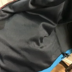 Three exterior zip pockets, one interior zip pocket, and hook and loop cuffs.
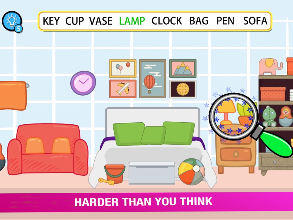 最適合每個年齡段的孩子,女孩,男孩和成人。還可以增強視覺詞彙修飾和學習新單詞。最好的假期遊戲,可以測試您的記憶力和偵探能力,並通過查找對象列表為您的大腦提供最佳的日常鍛煉。在謎題和冒險中度過您的空閒時間,並在此益智遊戲中享受很多娛樂。
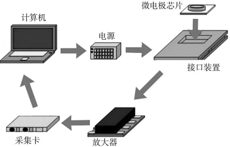 膜片鉗技術對神經細胞電信號進行采集需要受過良好訓練的電生理學專家進行,采集難度較大,且通量低、數據采集慢。基于微電極對神經細胞電信號進行采集,可將細胞直接在電極芯片上進行無創培養,隨時觀察其生長情況,進而方便、快速地采集到神經細胞電信號。雖然以微電極陣列為傳感器對神經細胞電信號進行采集的方法由來已久,但是一直存在因為電極材料問題使得神經細胞不能很好地在電極表面生長且影響觀察,或者沒有相對應的外圍放大濾波裝置使得神經細胞電信號不能很好地獲得等問題。

==============================

*Action item*
All the material shown above is to be copied exactly, with no pictures carried over.

*Finished exercise*
 Three exterior zip pockets, one interior zip pocket, and hook and loop cuffs.
 最適合每個年齡段的孩子,女孩,男孩和成人。還可以增強視覺詞彙修飾和學習新單詞。最好的假期遊戲,可以測試您的記憶力和偵探能力,並通過查找對象列表為您的大腦提供最佳的日常鍛煉。在謎題和冒險中度過您的空閒時間,並在此益智遊戲中享受很多娛樂。
 膜片鉗技術對神經細胞電信號進行采集需要受過良好訓練的電生理學專家進行,采集難度較大,且通量低、數據采集慢。基于微電極對神經細胞電信號進行采集,可將細胞直接在電極芯片上進行無創培養,隨時觀察其生長情況,進而方便、快速地采集到神經細胞電信號。雖然以微電極陣列為傳感器對神經細胞電信號進行采集的方法由來已久,但是一直存在因為電極材料問題使得神經細胞不能很好地在電極表面生長且影響觀察,或者沒有相對應的外圍放大濾波裝置使得神經細胞電信號不能很好地獲得等問題。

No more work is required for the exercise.